It is better to delineate clearly the more complex relationship between training modules and the associated procedure. Figure 5.5 more clearly displays the non-document-based training structure; it is now viewed as similar to a GMP regulatory procedure, where there is training to the procedure and also (a different thing) training on courseware that is mandated by the procedure.

image

Figure 5.5 Non-document-based training modules

Now the one-hour training on the management of the TTT program will have its own name in the training tracking system, and the several-hour-long TTT classroom course will have a different name, as will the subsequent TTT qualification session. The two different training audiences can clearly recognize the relevant training modules.

The clear statement of the relation between the training module(s) and the associated procedure should take place during the Design phase of the program improvement model, and will be an important contribution to the ultimate success of the training module.

5.2.2 Consolidate SOPs, reduce the number of training modules

Several training modules can be associated, directly or indirectly, with a single procedure. This suggests that a straightforward means of reducing training time within a training system might be to consolidate SOPs, thereby reducing the number of training modules. However, consolidation (or “streamlining”) of SOPs needs to be logical and to eliminate redundancies, not simply reduce the number of SOPs. We will clarify this point. Consider four examples that illustrate the issue:

1. The FDA requires gowning procedures.5 Department A has a gowning procedure. Department B has a different gowning procedure. Consolidation of SOPs would remove the redundancies here; Departments A and B would work together toward a single gowning procedure.

2. Department C has a protocol on the use of Equipment-Specific Instructions (ESIs), say involving equipment maintenance manuals. Department D has a different protocol on the same kind of ESIs. Again, streamlining procedures would remove the redundancies; Departments C and D would work together toward a single protocol on the use of ESIs.

3. Department E has an SOP for operating an autoclave, and another SOP for operating a capping machine. There is no redundancy here; it would be counterproductive to consolidate the two procedures, since they deal with “apples and oranges”.

4. Department F has three SOPs and three packaging lines, one procedure for the operation of each line; each includes a brief section on equipment maintenance. There is redundancy here, but not like that in Examples 1 and 2. The redundancy here is in the sections on maintenance. Consolidation of the procedures would remove the sections on maintenance and put them in a maintenance procedure of its own. We will return to this issue in the next section.

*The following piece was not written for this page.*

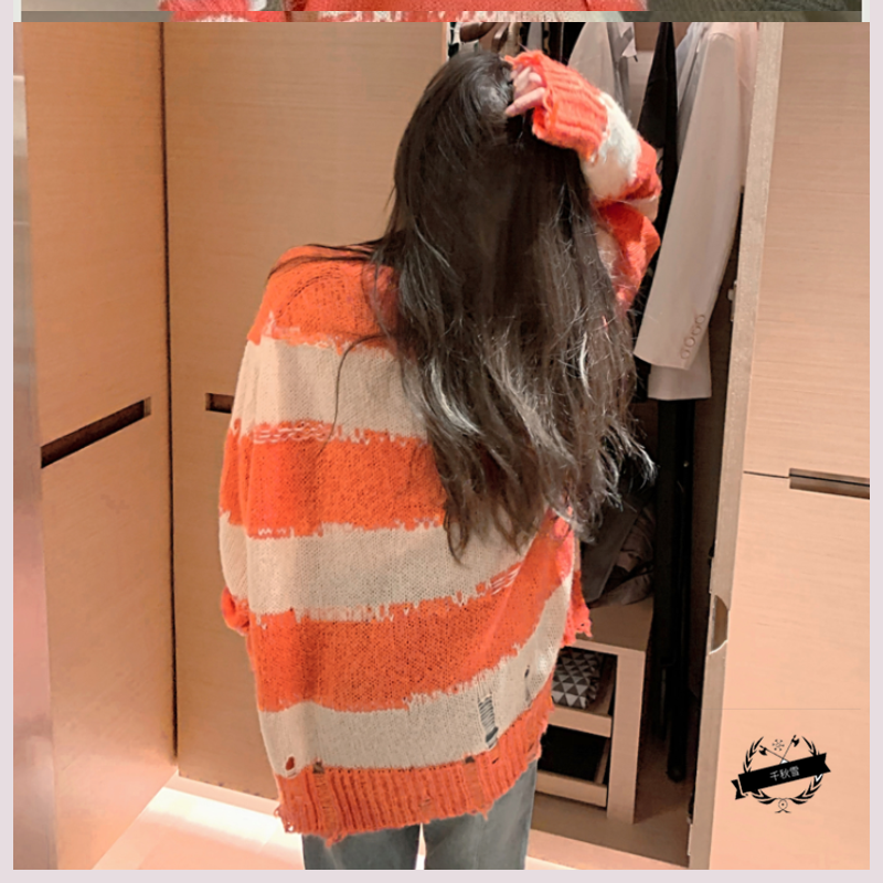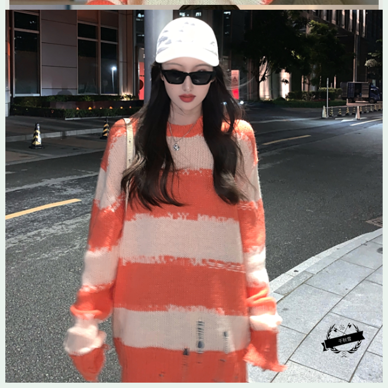 Gentle wind autumn female ins temperament striped mohair knitwear fashionable hole sweater loose pullover

Consolidation of SOPs is essentially an issue of correctly writing procedures. Very briefly, procedure writing has six steps, all but the last involving the collaboration of a procedure author (usually a technical writer) and one or more SMEs. First, the SME(s) and the author identify the process to be captured in this SOP. Second, they identify the audience for this SOP. Third, they develop the process map for this process. The process map breaks down the process into its elements, and displays the logical interconnections between the elements. Fourth, the SME(s) and the author “chunk” the process. The chunks are developed from the process map, putting like elements together, and putting unlike elements apart. Fifth, the text of the SOP will be written from the chunks. The author writes this up and the SME(s) reviews the text in light of the intended audience. Finally, the text will be revised by the author of the procedure into the standard format of SOPs.

In conclusion, if procedures are correctly written, they will need little streamlining in the future, and will facilitate consolidation whenever new processes come on line and need to be captured in a procedure. Of course, if procedures have been poorly written, poorly chunked, or if there is a great deal of redundancy, then they must be revised along the lines sketched out above.

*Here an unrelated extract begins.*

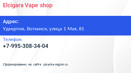 Elcigara Vape shop по адресу Удмуртия, Воткинск, улица 1 Мая, 81 в дальнейшем Организация, размещена в следующих категориях: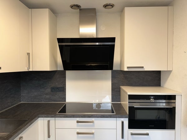 La cucina semi-aperta è dotata di una lussuosa e nuova disposizione della cucina con molto spazio di stoccaggio e moderni elettrodomestici integrati, tra cui piano cottura a induzione BORA a 4 fuochi con cappa integrata, frigorifero a incasso con congelatore, forno a microonde combinato incassato e lo stesso pavimento in piastrelle del soggiorno. Dalla cucina, puoi accedere al giardino attraverso la porta sul retro.

A fourth aspect of the fit between training modules and the larger curriculum is the relationship between training modules and the various regulatory requirements. That aspect will also be delineated in the Design phase.

5.2.3 How training modules relate to regulatory requirements

There are a number of regulatory regimes that impact on the training environment. These regimes include such agencies as FDA, OSHA, EPA, DOT, DEA, and others, each with its own set of regulations.6

On the one hand, the number of regimes means that there are simply more regulations to be taken into account. However, the various regimes can present the problem of regulatory overlap, where different agencies have differing regulations covering the same situation.7 We will consider how this impacts the design of the training module.

First, it overlooks the very abnormality of the abend. After all, this is called an abend because, in important ways, it is abnormal. Second, it overlooks the distinct division of labor between operators who enact the routine steps of the manufacturing cycle and the mechanics who address the abnormal events. This has substantial training implications; the procedures tend to be much longer, and both groups must train on the whole GMP procedure. Third, it confounds the “operational” level of detail in the routine situations with the much more fine-grained level of detail in the abnormal situations, a level of detail that can only be addressed by reference to technical manuals. Fourth, it blurs regulatory requirements that differ between normal situations and exceptional situations, for example, OSHA safety regulations.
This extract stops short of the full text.